Remembering Alexander Luria…


General Information

Journal rubric: Empirical Research

Article type: personalities


Received: 23.07.2022


For citation: Cole M. Remembering Alexander Luria…. Kul'turno-istoricheskaya psikhologiya = Cultural-Historical Psychology, 2022. Vol. 18, no. 3, pp. 54–57. DOI: 10.17759/chp.2022180306.

A Part of Article

It has been almost exactly 60 years since my first meeting with Alexander Romanovich Luria. I was a 24-year-old American psychologist with a PhD in mathematical learning theory and a participant in the recently formed post-doctoral exchange program between the USA and the USSR. He was a 60-year-old Soviet psychologist who had survived the Purges, survived World War II, and survived Stalinism. He was also an internationally influential psychologist specializing in neuropsychology. I had not the faintest idea of what to expect from this year abroad. I could not imagine that my post-doctoral year in Moscow would set in motion a sequence of experiences that would entangle my life with his, primarily as part of his biography but also of my own.

Full text

It has been almost exactly 60 years since my first meeting with Alexander Romanovich Luria. I was a 24-year-old American psychologist with a PhD in mathematical learning theory and a participant in the recently formed post-doctoral exchange program between the USA and the USSR (pic. 1). He was a 60-year-old Soviet psychologist who had survived the Purges, survived World War II, and survived Stalinism. He was also an internationally influential psychologist specializing in neuropsychology. I had not the faintest idea of what to expect from this year abroad. I could not imagine that my post-doctoral year in Moscow would set in motion a sequence of experiences that would entangle my life with his, primarily as part of his biography but also of my own.

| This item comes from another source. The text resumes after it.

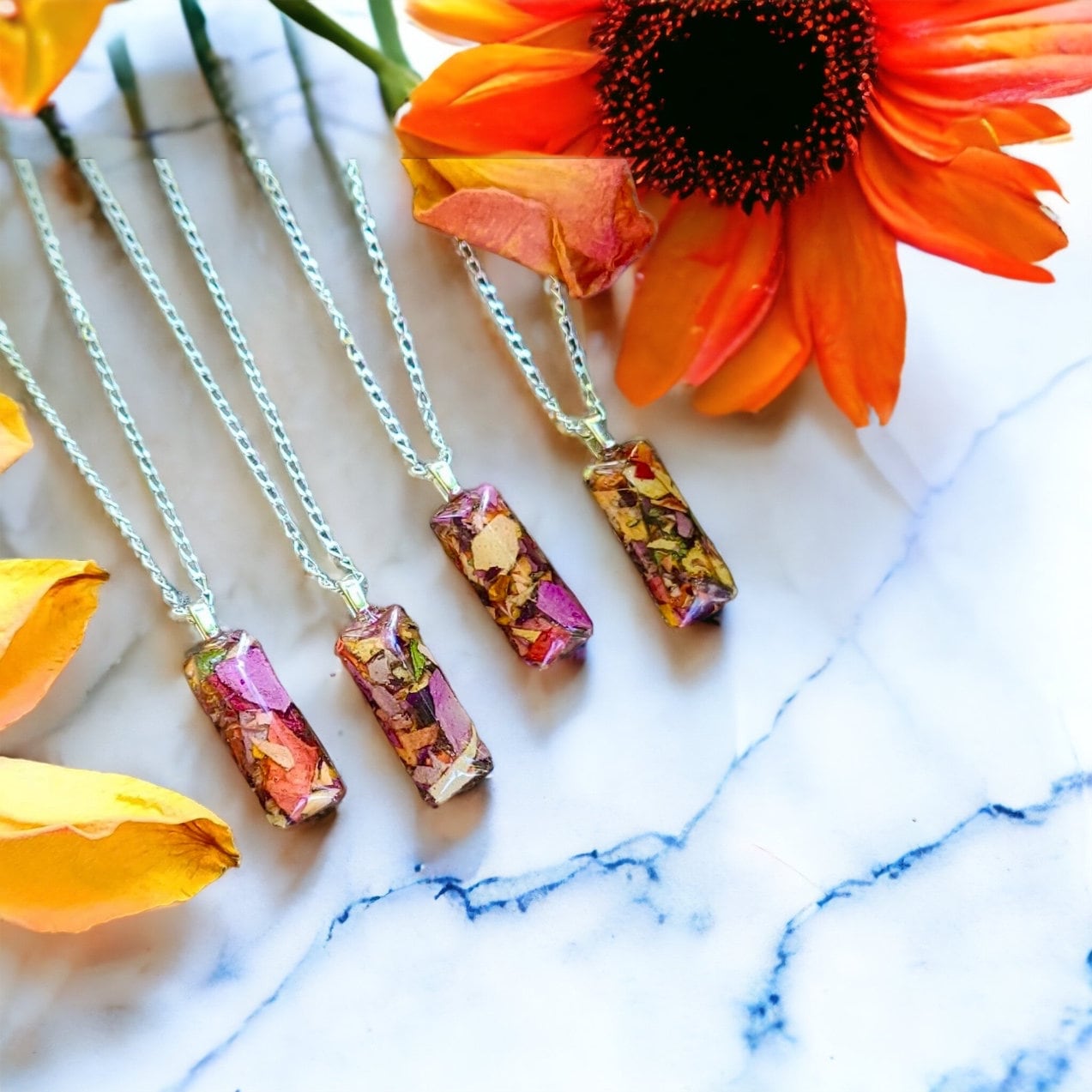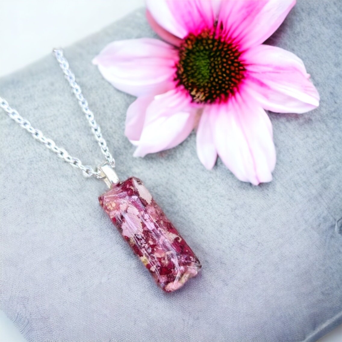 Rectangle pendant. Memorial Jewelry, Memorial beads. Wedding flowers. Funeral flowers. Made with real flowers
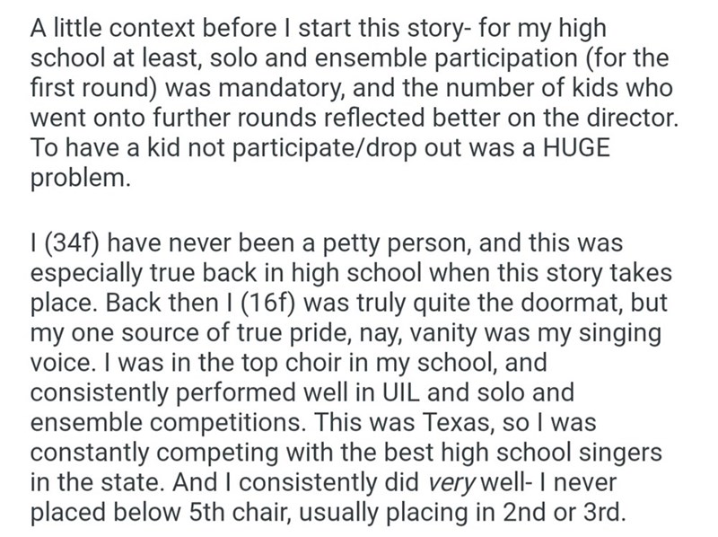 This embarrassment led her to seek revenge on her cruel choir director. The year after, her voice was in good enough shape for her to enact her plan. She recounted the story.

My essay is divided into two parts. The first is a narrative of how Luria came to have such a deep influence on my subsequent career. The second is a reflection on the complicated relationship between what I knew and what I could say given the historical circumstances at the time.

What a difference a year can make!

During that first year in Moscow, Luria arranged for me to participate in the research taking place at several different laboratories, each involved in the use of conditioned reflex methods for the study of learning. I also followed him on his grand rounds of the Burdenko Institute, where I participated in lab discussions and observed how he interacted with individual patients. He was familiar with the existing Anglo-American test methods for psycho-diagnosing brain injuries, but he did not hold them in high esteem. Trained as a physician, he had worked out methods for diagnosing brain injury that were derived from his theoretical framework. To me, largely ignorant of that theoretical framework, he seemed like a magician pulling rabbits out of a hat. For each case, his diagnostic procedures and strategy of rehabilitation were geared to the individual patient in a flexible, but clearly theory-driven way. He entered the field at a time when modern imaging methods were entirely absent; as a consequence, his diagnoses served as guides for the subsequent surgery.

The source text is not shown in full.